■ **YOUR INSTRUCTIONS**
Write exactly the lines running from the start of the material below to the line that includes "This example features", and include no pictures.

── EXERCISE INPUT ──

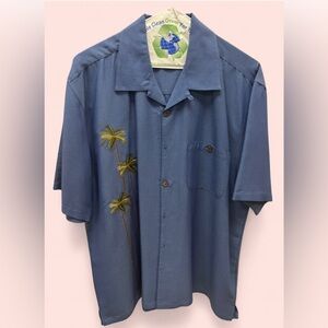 Joe Marlin Blue Hawaiian shirt with embroidered palm tree design
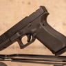 This example features a 4.49 in barrel and an nDLC-finished slide machined with an Aimpoint ACRO cut for direct mounting of compatible ACRO footprint optics. Controls follow Glock Gen 5 layout: Safe Action striker system, reversible magazine catch, and ambidextrous slide stop. Enhanced front and rear slide serrations improve tactile manipulation. Accompanied by three 10-round magazines and original case.
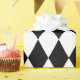 Schwarz-Weiß Diamant Harlequin Muster kundenspezifische Wrapping Paper. Trendy bedruckte Geschenkverpackungen für elegante Geburtstage, Weihnachten, Babydusche, Hochzeitsfeier, Mardi Gras etc. in matt und glänzend. Stilvolles Druckdesign für einzigartige Geschenke. Maßgeschneiderte Größe und Farbe. Verwöhnen Sie Ihre Holiday Geschenke stilvoll. Jeder Farbhintergrund.
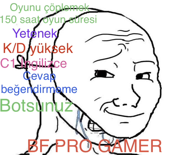 aslında bu gerzeklerin fazla bir şey yapmasına gerek yok. az beyinleri olsa bf5'i tekrardan ele alırlar yeni haritalar, kızıl orduyu falan getirirler, brothers in arms, medal of honor gibi tarihi gerçekçileğe de ulaşsalar millet akın akın oyuna döner zaten. kendilerine call of duty gibi çıkan caciki oyunlar yerine counter-strike gibi 20 yıldır hüküm süren baba bir oyunu örnek almalılar. düşünsenize adamlar cs-go'dan cs2 yükseltmesini bedava verdiler.(seçkin hesaptan bahsediyorum) aha buraya yazıyorum üzerine milyonlar harcanmış yeni bir çöp bizleri bekliyor. inş iflas edip batarlar. |
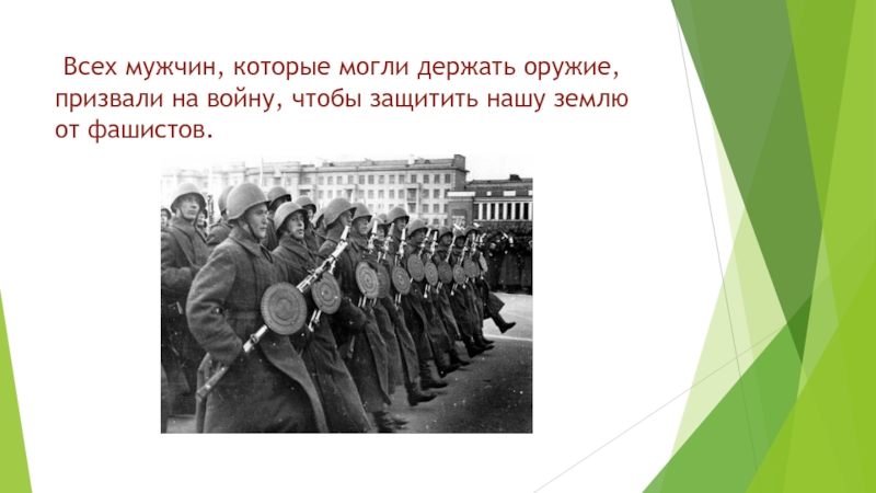 Слайд 3 Всех мужчин, которые могли держать оружие, призвали на войну, чтобы защитить
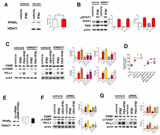 Figure 5. Implication of the PPARα receptor in the effects mediated by OEA, PEA, and IFNβ. Nuclear extracts were prepared and analyzed for PPARα receptor levels after IFNβ exposure. Values are represented as the mean ± SEM of four experiments; ns = not significant (A). Cell lysates were analyzed for STAT1 phosphorylation, STAT1, and PKR after treatment with IFNβ alone for 24 h in the presence and absence of GW6471 (6 μM). * p < 0.05 versus vehicle (B). Cells were pre-treated with 6 μM GW6471 (1 h) and were then exposed for 6 h to OEA or PEA, followed by IFNβ (24 h). Cell lysates were analyzed for PD-L1 and cleaved PARP (cl PARP). *** p < 0.001 versus vehicle; $ p < 0.05 and $$$ p < 0.001 versus IFNβ; # p < 0.05, ## p < 0.01, and ### p < 0.001 versus the corresponding value in control-treated cells (C). Cells were treated as mentioned before and caspase 3/7 activity was determined by a luminescence assay. *** p < 0.001 versus vehicle; $ p < 0.05 and $$ p < 0.01 versus IFNβ; ## p < 0.01 and ### p < 0.001 versus the corresponding value in control-treated cells (D). SH-SY5Y cells were transfected with either control siRNA or PPARα siRNA. * p < 0.05 versus vehicle-treated cells (E). Cells transfected with either control siRNA or PPARα siRNA were incubated for 24 h with either vehicle, IFNβ, or co-treated with IFNβ and OEA or PEA. Cell lysates were analyzed for cleaved PARP and PD-L1. *** p < 0.001 versus vehicle; $ p < 0.05 and $$ p < 0.01 versus IFNβ; # p < 0.05, ## p < 0.01 versus the corresponding value in control siRNA-treated cells. Values are the mean ± SEM of four independent experiments (F,G).
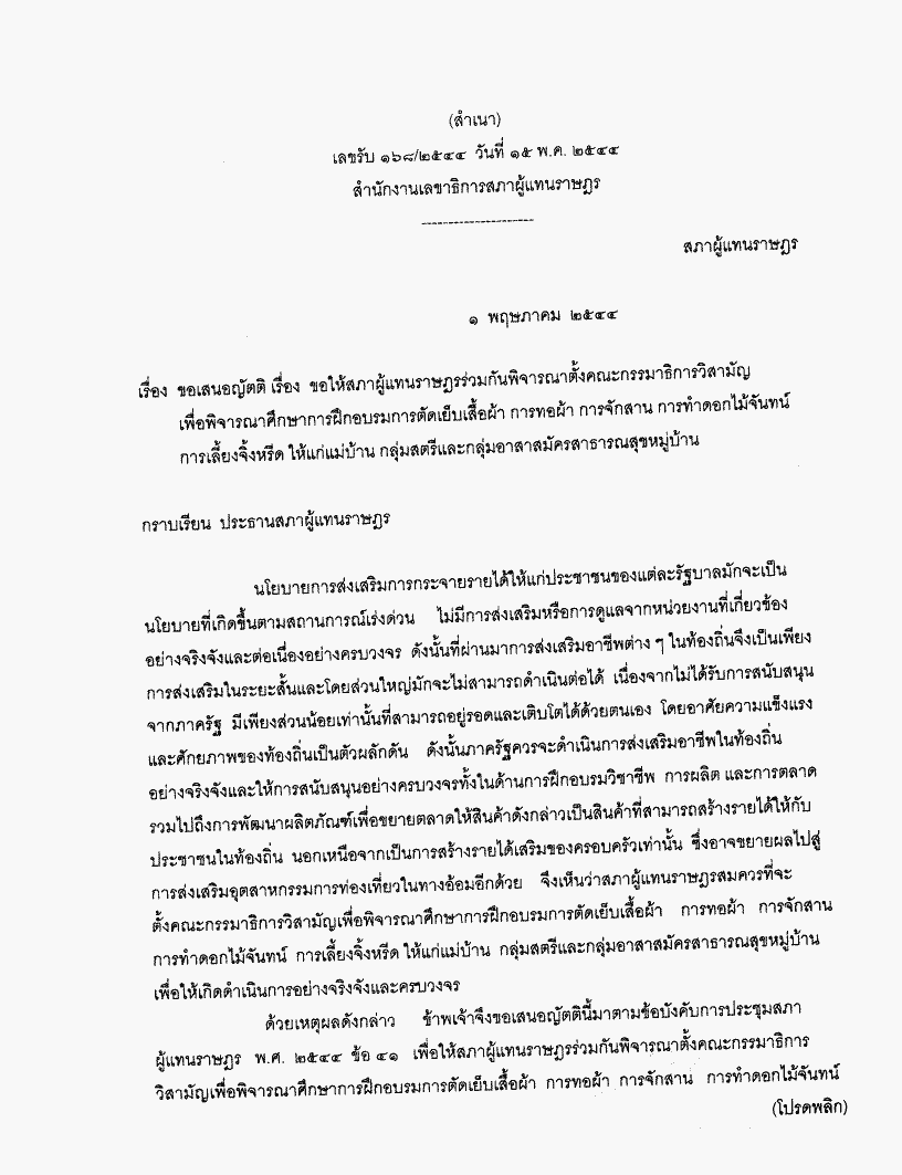 ขอเสนอญัตติ เรื่อง ขอให้สภาผู้แทนราษฎรร่วมกันพิจารณาตั้งคณะกรรมาธิการวิสามัญเพื่อพิจารณาศึกษาการฝึกอบรมการตัดเย็บเสื้อผ้า การทอผ้า การจักสาน การทำดอกไม้จันทน์การเลี้ยงจิ้งหรีดให้แก่แม่บ้าน กลุ่มสตรีและกลุ่มอาสาสมัครสาธารณสุขหมู่บ้าน |
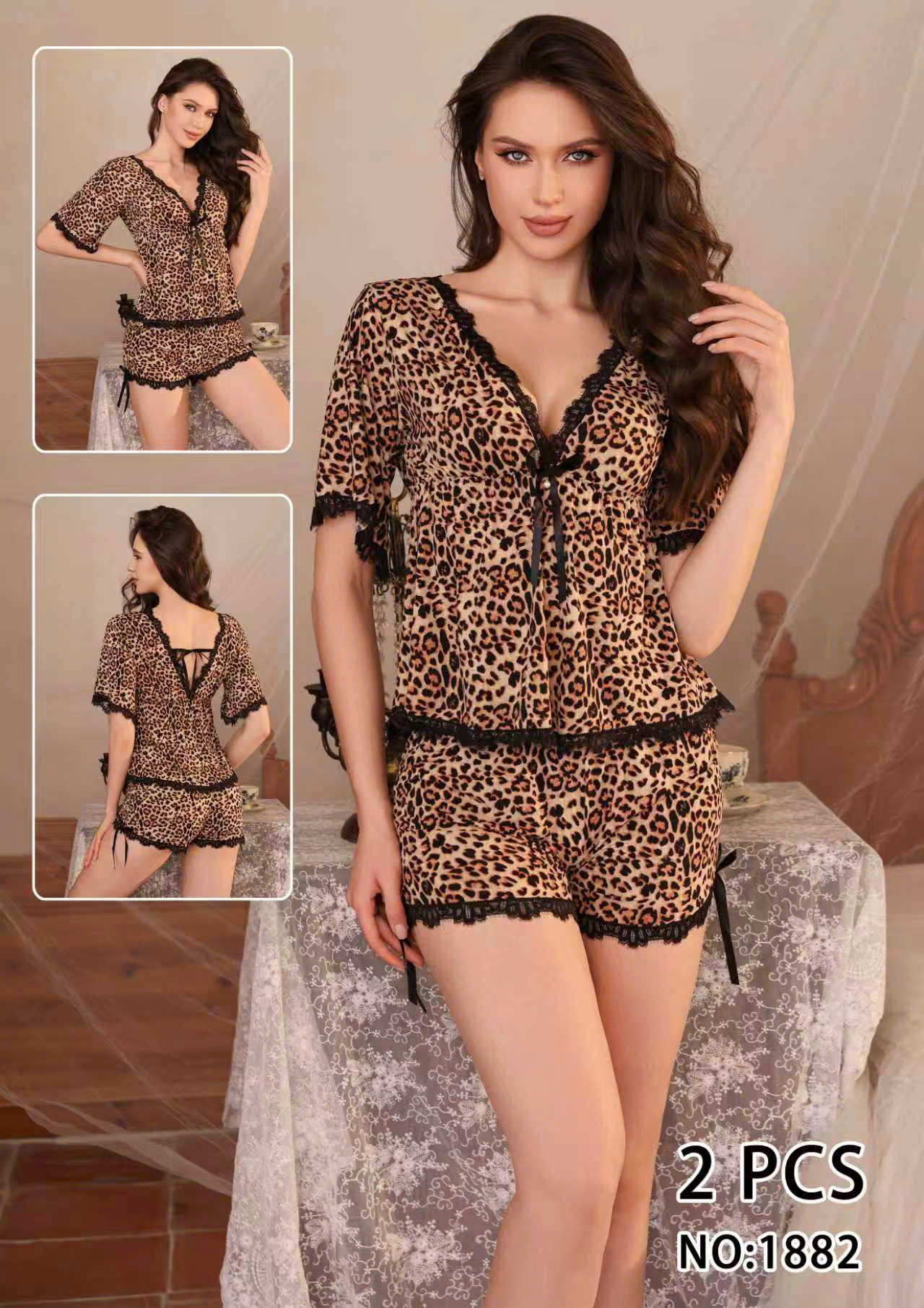 Bộ đồ ngủ ngắn tay màu nâu Mã 18819
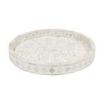 Home Collections Rajasthani Bone Inlay Floral White Round Tray
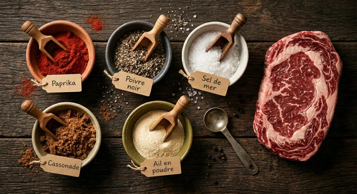 Steaks épais → Sel généreux uniquement, 1h avant. Simplicité et efficacité.

───

■ **TASK RESULT**
 Joe Marlin Blue Hawaiian shirt with embroidered palm tree design
 This example features a 4.49 in barrel and an nDLC-finished slide machined with an Aimpoint ACRO cut for direct mounting of compatible ACRO footprint optics. Controls follow Glock Gen 5 layout: Safe Action striker system, reversible magazine catch, and ambidextrous slide stop. Enhanced front and rear slide serrations improve tactile manipulation. Accompanied by three 10-round magazines and original case.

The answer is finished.